Commit Graph

7 Commits

Author SHA1 Message Date
Fucun Chu
157086cb80 IMPALA-10771: Add Tencent COS support
This patch adds support for COS(Cloud Object Storage). Using the
hadoop-cos, the implementation is similar to other remote FileSystems.

New flags for COS:
- num_cos_io_threads: Number of COS I/O threads. Defaults to be 16.

Follow-up:
- Support for caching COS file handles will be addressed in
   IMPALA-10772.
- test_concurrent_inserts and test_failing_inserts in
   test_acid_stress.py are skipped due to slow file listing on
   COS (IMPALA-10773).

Tests:
 - Upload hdfs test data to a COS bucket. Modify all locations in HMS
   DB to point to the COS bucket. Remove some hdfs caching params.
   Run CORE tests.

Change-Id: Idce135a7591d1b4c74425e365525be3086a39821
Reviewed-on: http://gerrit.cloudera.org:8080/17503
Reviewed-by: Joe McDonnell <joemcdonnell@cloudera.com>
Tested-by: Impala Public Jenkins <impala-public-jenkins@cloudera.com>
2021-12-08 16:32:02 +00:00
stiga-huang
2dfc68d852 IMPALA-7712: Support Google Cloud Storage
This patch adds support for GCS(Google Cloud Storage). Using the
gcs-connector, the implementation is similar to other remote
FileSystems.

New flags for GCS:
 - num_gcs_io_threads: Number of GCS I/O threads. Defaults to be 16.

Follow-up:
 - Support for spilling to GCS will be addressed in IMPALA-10561.
 - Support for caching GCS file handles will be addressed in
   IMPALA-10568.
 - test_concurrent_inserts and test_failing_inserts in
   test_acid_stress.py are skipped due to slow file listing on
   GCS (IMPALA-10562).
 - Some tests are skipped due to issues introduced by /etc/hosts setting
   on GCE instances (IMPALA-10563).

Tests:
 - Compile and create hdfs test data on a GCE instance. Upload test data
   to a GCS bucket. Modify all locations in HMS DB to point to the GCS
   bucket. Remove some hdfs caching params. Run CORE tests.
 - Compile and load snapshot data to a GCS bucket. Run CORE tests.
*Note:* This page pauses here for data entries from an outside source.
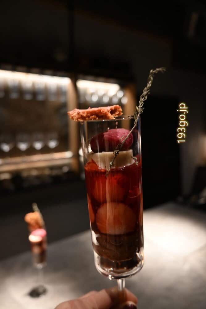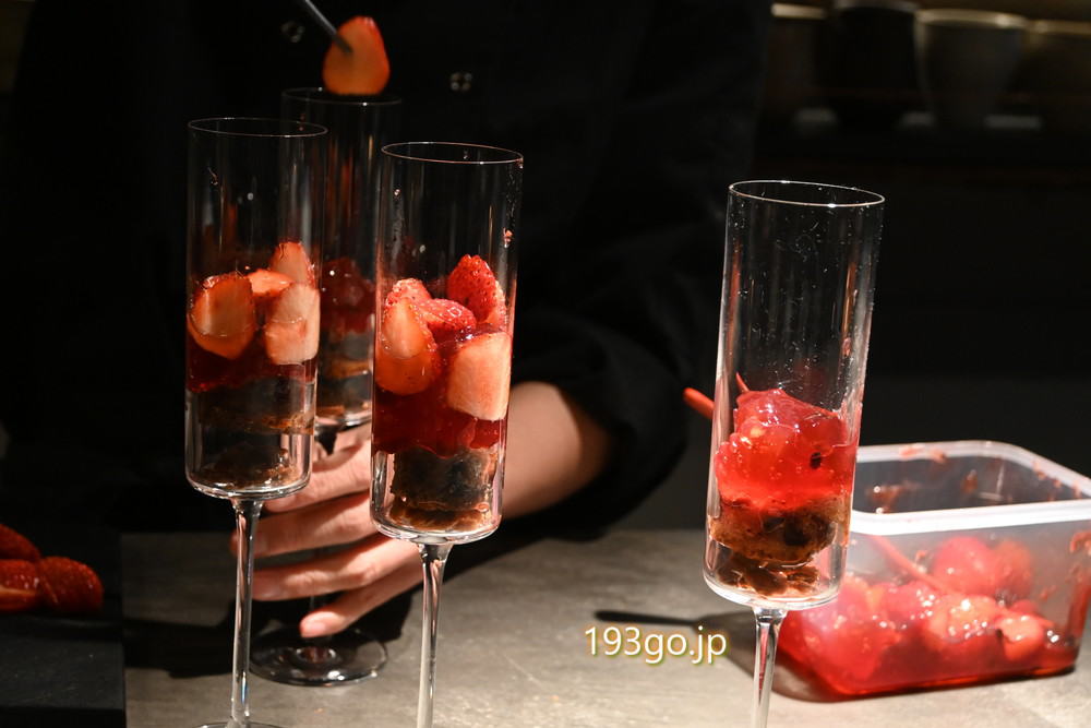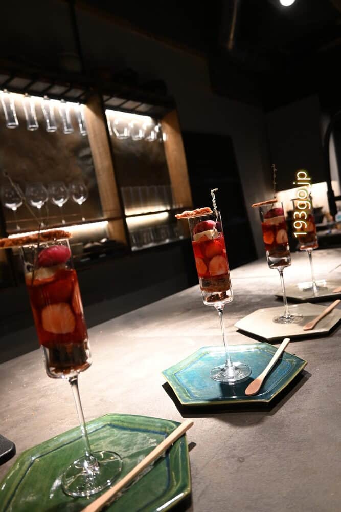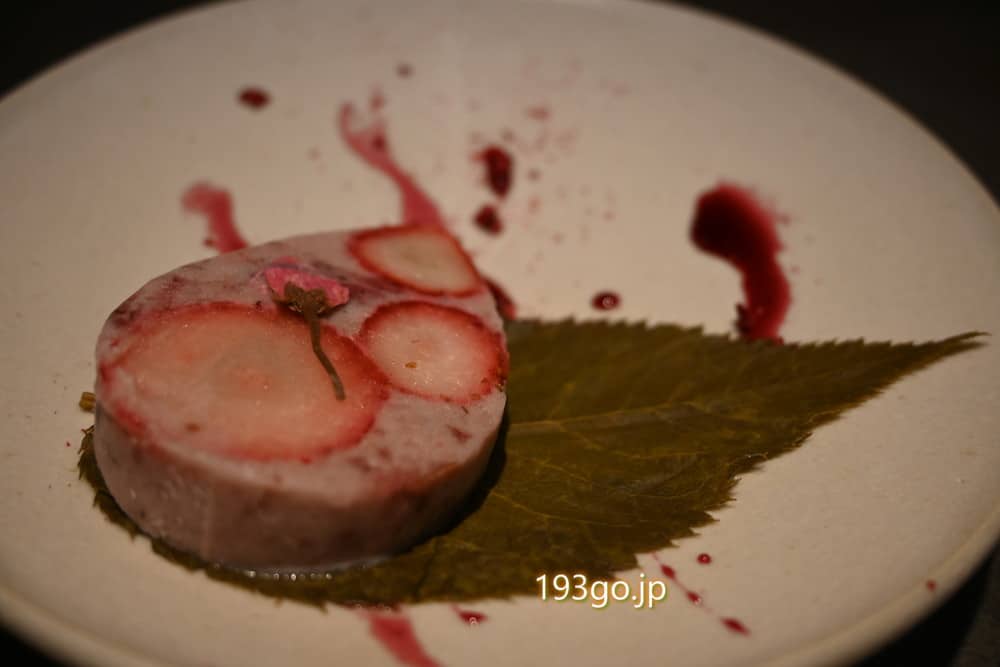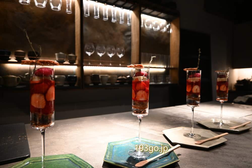 いちご、赤ワインゼリー、ホーリーバジル、求肥、ローズヒップ、黒麹など。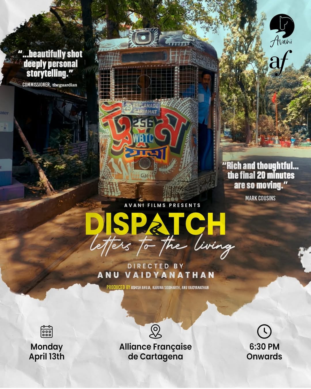 “DISPATCH Letters to the Living” es una proyección de cine en la Alianza Colombo Francesa de Cartagena, dirigida por Anu Vaidyanathan. Este documental explora la memoria, los archivos, la herencia, la ciencia y la identidad desde una perspectiva íntima y reflexiva. Al finalizar la función habrá un espacio de conversación abierta con el público, ideal para profundizar en los temas del filme y dialogar sobre su impacto en la ciudad de Cartagena.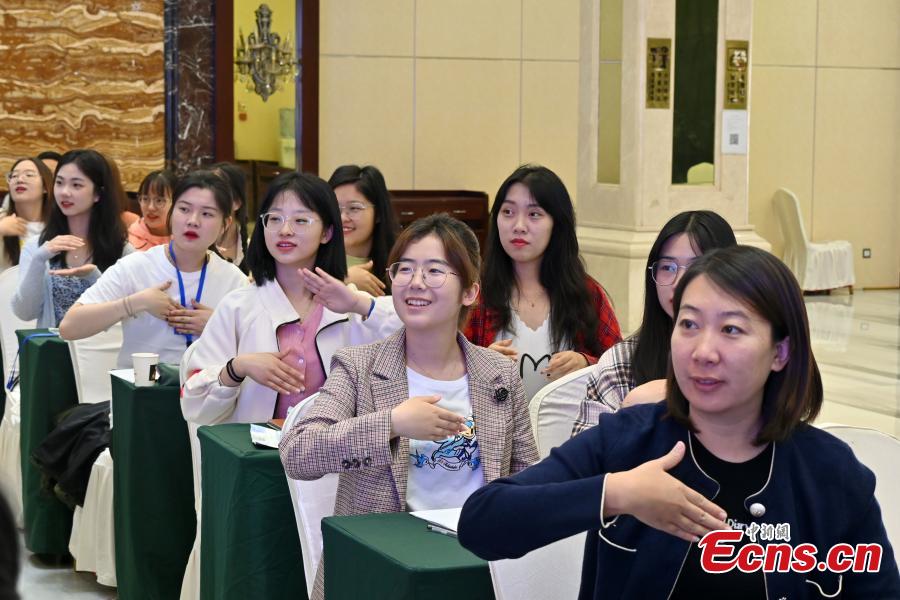 Volunteers receive sign language training for Beijing 2022 Olympic and Paralympic Winter Games in north China’s Hebei Province, May 26, 2021.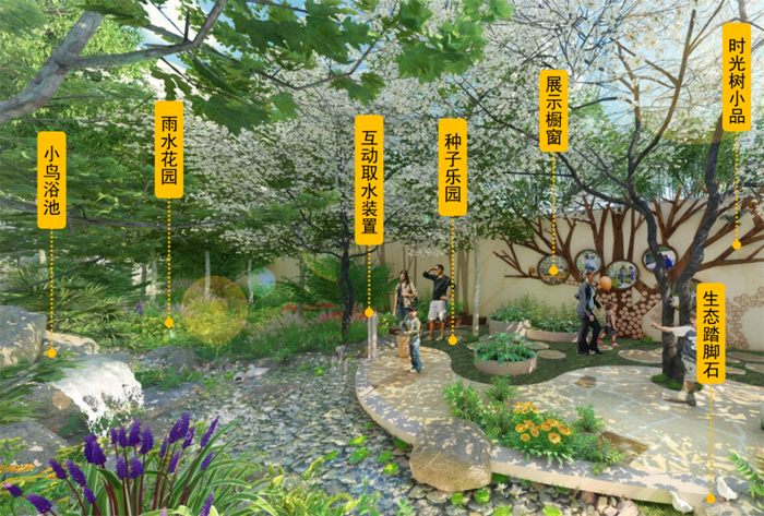 春天播下希望的種子,秋天才能收獲美麗的果實。不同于“活力課堂”,這片“種子樂園”是專門面向附近學生開放的種植體驗區,不僅可以直觀參與到植物生長的過程中,還能通過設置的鳥浴池,觀察小鳥喝水、沐浴等行為軌跡。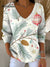 Women's Vintage Christmas Tree Art Print Casual Cotton Shirt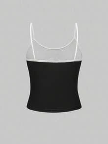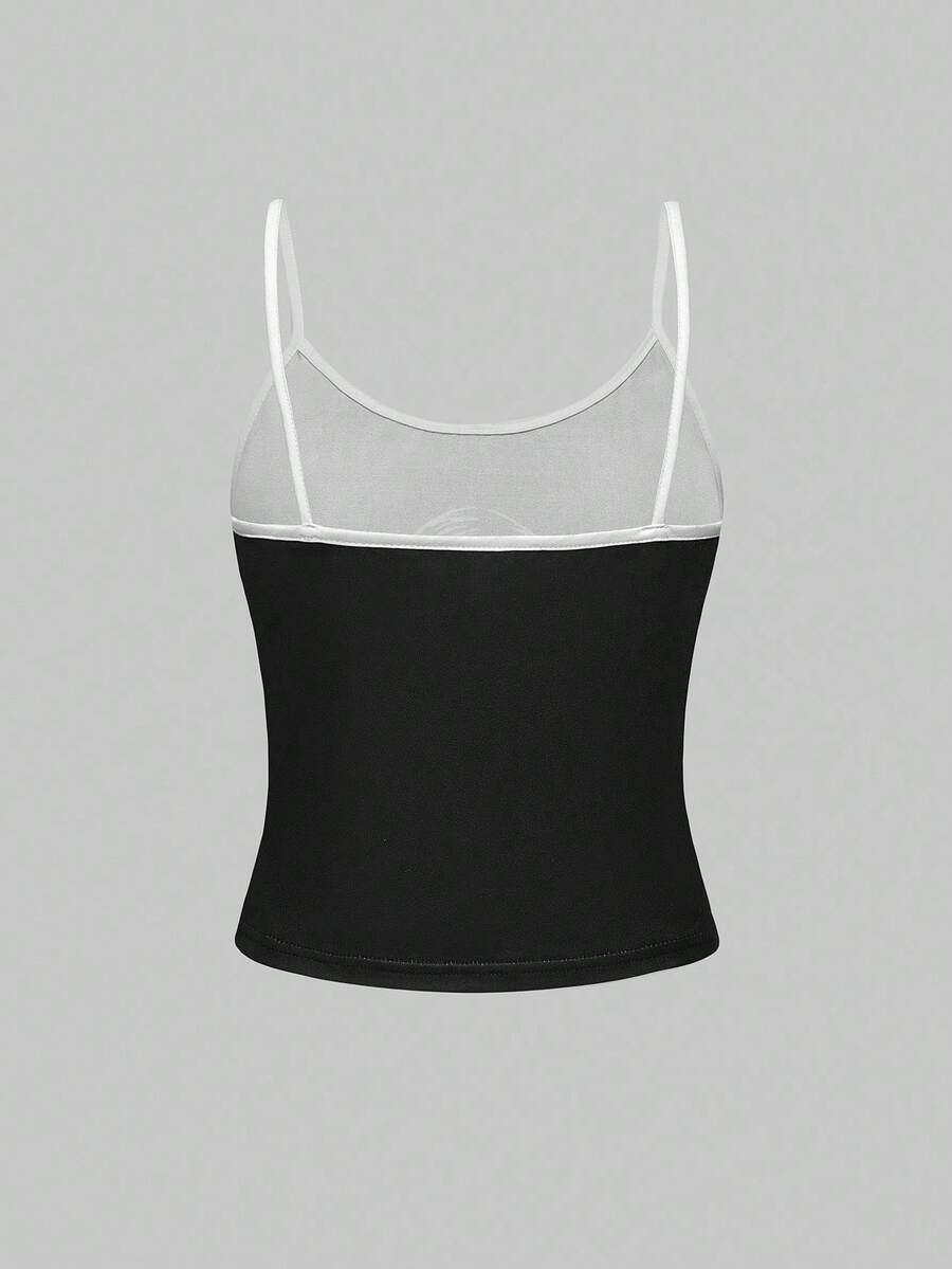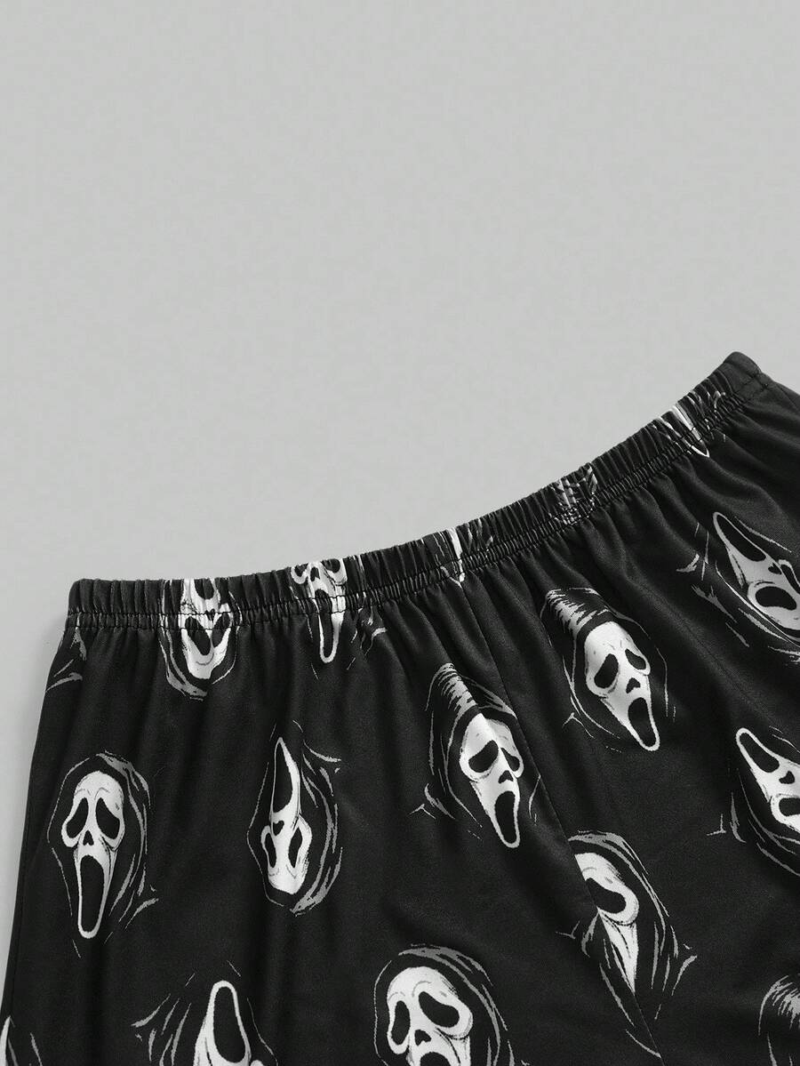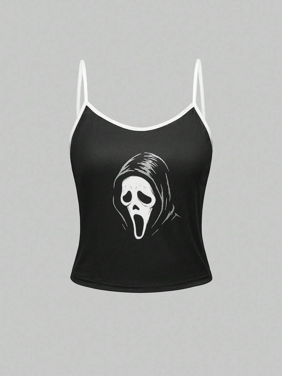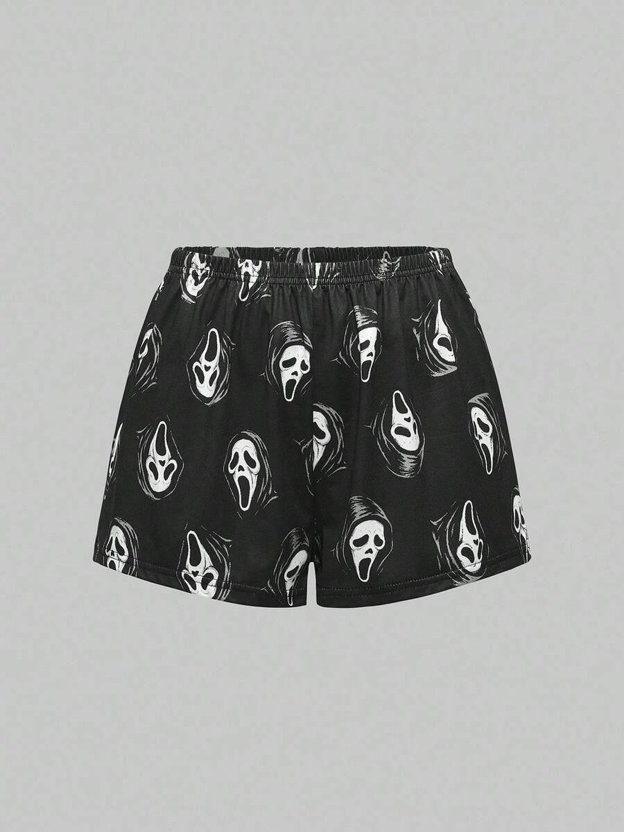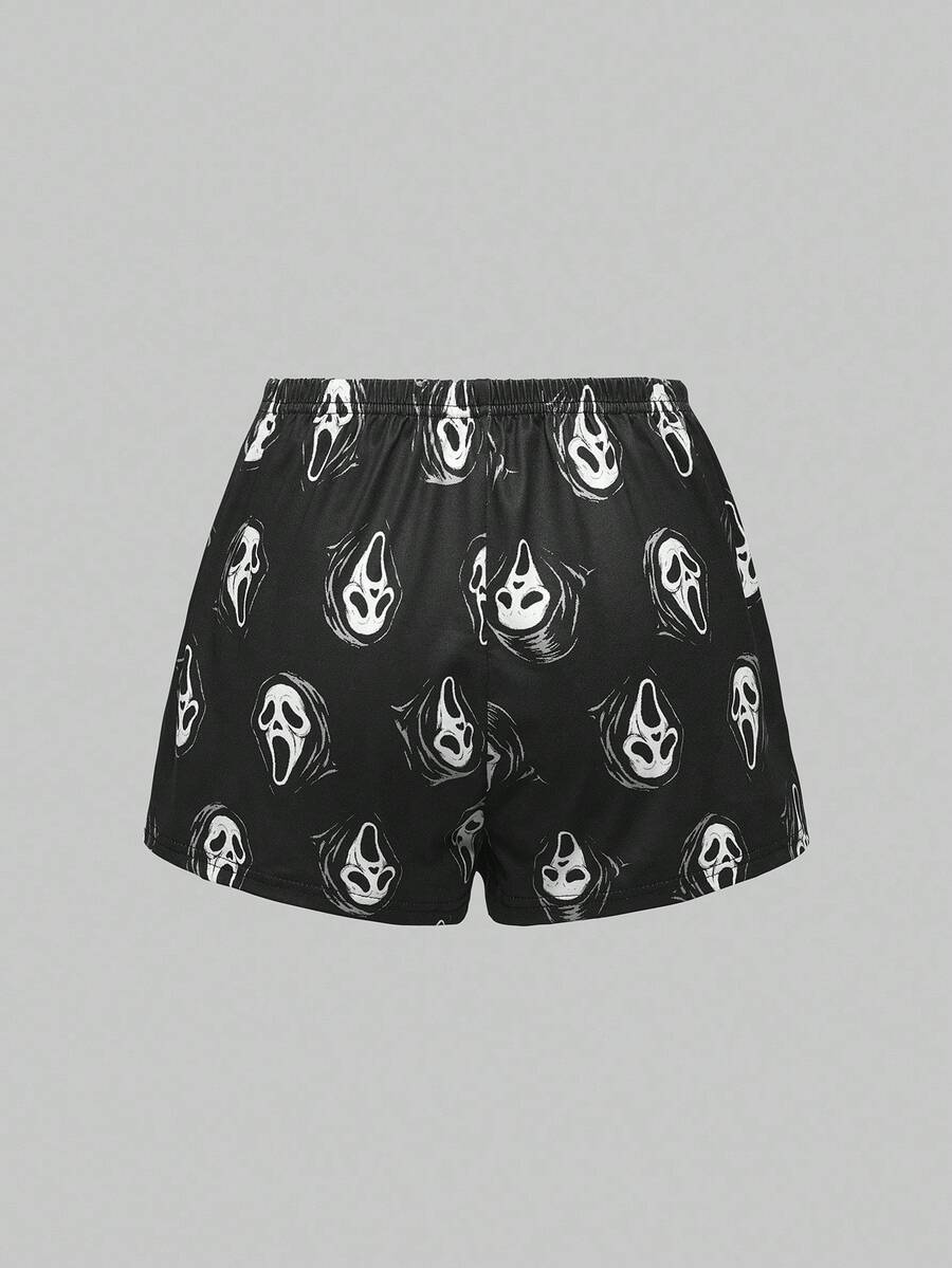 Goth Conjunto de pijama casual de camiseta de tirantes y pantalones cortos con estampado gótico de contraste de color para mujer

Change-Id: Ia91ec956de3b620cccf6a1244b56b7da7a45b32b
Reviewed-on: http://gerrit.cloudera.org:8080/17121
Reviewed-by: Impala Public Jenkins <impala-public-jenkins@cloudera.com>
Tested-by: Impala Public Jenkins <impala-public-jenkins@cloudera.com>
2021-03-13 11:20:08 +00:00
Csaba Ringhofer
5dccf8024b IMPALA-10171: Create query options for local time related flags
convert_legacy_hive_parquet_utc_timestamps and
use_local_tz_for_unix_timestamp_conversions were controllable only by
flags until now. After this change the old flags are only used on the
Coordinator to set the defaults for the query options.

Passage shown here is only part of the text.